There's rich material here for a biography, but getting it out of Carrington may be a different matter. If you ask her, for instance, how she managed to break away while her three brothers went complacently into the family textile business, she credits "something that I still don't have a name for."
Could she describe it? "Let me ask you a question. Can you always describe your feelings? Do you always know what they mean?" Oh, maybe not. "Well, there you are. I think we're in the same boat. One's life is a journey."
Now living in Chicago, Carrington is doing a good deal of painting these days -- a show last month in New York featured work that fetched up to $35,000 -- and some writing. "I write more or less to try and retain ideas. At my age, I get an idea and then I tend to forget it rather quickly. When you're over 70, it's not exactly that you lose them, but you cover them over with other things."Animals and Verse IF PEOPLE don't buy much poetry in general, can you expect them to buy poems that depend on their knowledge of other poems? David Shevin, an assistant professor of English at Tiffin State in Ohio, has found out the answer is yes. His seventh book, Growl and Other Poems: An Anthology by the Pets of the Great Poets, came out in January and is going back to press. It's not threatening to knock Tom Clancy off the charts, you understand, but in the world of poetry, second printings are a victory.
"A professor at Tufts," reports a pleased Shevin, "bought several copies for graduating students in veterinary medicine." Presumably they have some liberal arts background; you need at least a vague memory of the Norton Anthology of English Poetry to recognize the highly amusing echoes in Growl, whether it's "Lassie, Lassie, you bitch, I'm through" (the concluding line of Lassie, by Sylvia Plath's black labrador) or "Give me your open door./ Your huddled mastiff's yearning for a tree" (by Emma Lazarus's terrier). Not to mention the sonnet by William Shakespeare's horse that begins: "Shall I compare thee with a summer's dray?"

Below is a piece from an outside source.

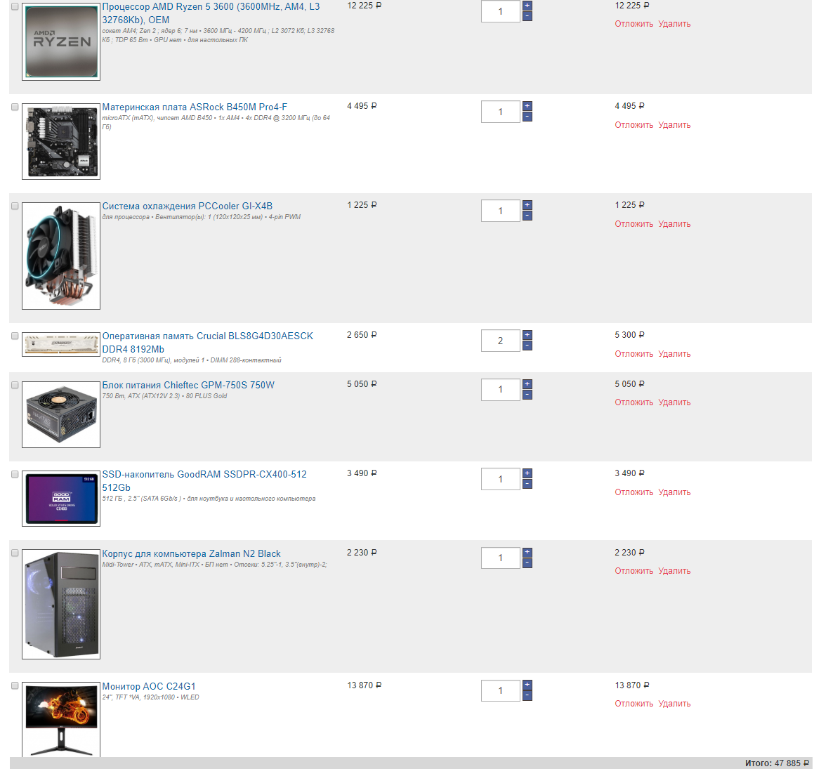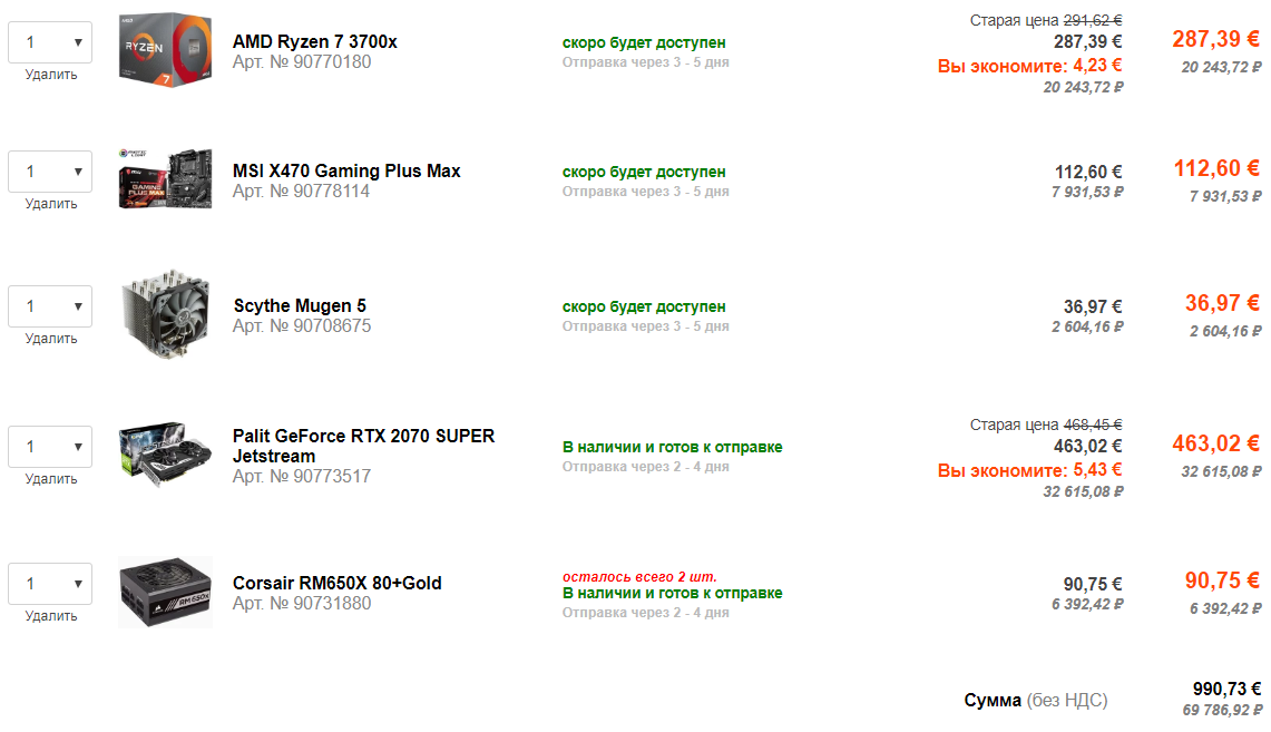 1. Процессор: AMD Ryzen 7 3700x (https://www.computeruniverse.net/ru/amd-ryzen-7-3700x-boxed-inkl-wraith-prism-kuehler) 2. Мат плата: ASUS PRIME X470-PRO (https://www.computeruniverse.net/ru/asus-prime-x470-pro) или ASUS TUF B450-PRO GAMING (https://www.computeruniverse.net/ru/asus-tuf-b450-pro-gaming) 3. Кулер ЦП: Scythe Mugen 5 "PCGH Edition" (https://www.computeruniverse.net/ru/scythe-mugen-5-pcgh-edition) 4. Оперативка: G.Skill Tident Z Neo 32GB (https://www.computeruniverse.net/ru/gskill-tident-z-neo-32gb-ddr4-32gtznc-ram-multicoloured-illumination) или G.Skill Ripjaws V 32GB (https://www.computeruniverse.net/ru/gskill-ripjaws-v-32gb-ddr4-k2-ram-3) 5. Видеокарта: ASRock Radeon RX Vega 56 PHANTOM (https://www.computeruniverse.net/ru/asrock-radeon-rx-vega-56-phantom-gaming-x-80-gb-enthusiast-videokarta) 6. SSD под систему: ADATA XPG SX8200 Pro M.2 NVME PCIe Gen3x4 1TB (https://www.computeruniverse.net/ru/adata-xpg-sx8200-pro-m2-nvme-pcie-gen3x4-1tb) 7. Второй SSD под базы 1С и игры: ADATA XPG SX8200 Pro SSD M.2 2280 2TB (https://www.computeruniverse.net/ru/adata-xpg-sx8200-pro-ssd-m2-2280-2tb) 8. Блок питания: Corsair TX850M 80+ Gold 850 Watt (https://www.computeruniverse.net/ru/corsair-tx850m-80-gold-850-watt) 9. Корпус: BeQuiet PURE BASE 500 BLACK Window (https://kazan.nix.ru/autocatalog/cases_be_quiet/Miditower-be-quiet-BGW34-Pure-Base-500-Black-ATX-bez-BP-s-oknom_438429.html?_openstat=bWFya2V0LnlhbmRleC5ydTvQmtC-0YDQv9GD0YEgYmUgcXVpZXQhIFB1cmUgQmFzZSA1MDA7V3V1SkNnVHY2N3dUaDlFMklCVVZCZzs&frommarket=https&ymclid=15746070275549934629500005) 10 Монитор: LG 32GK850G-B G-Sync Gaming Monitor (https://www.computeruniverse.net/ru/lg-32gk850g-b-g-sync-gaming-monitor)

"I suspected when I was working on the manuscript that I had something that might be commercially viable," says Shevin, whose other poetry tends to be more directly political. "But I see Growl as a one-of-a-kind book. I don't think I'll be writing Speeches of the Pets of the Great Politicians, and having Checkers talk about how he doesn't wear a fur coat but a good Republican cloth coat." (Growl is available from Carpenter Press, P.O. Box 14387, Columbus, Ohio, 43214; $8.45 including handling).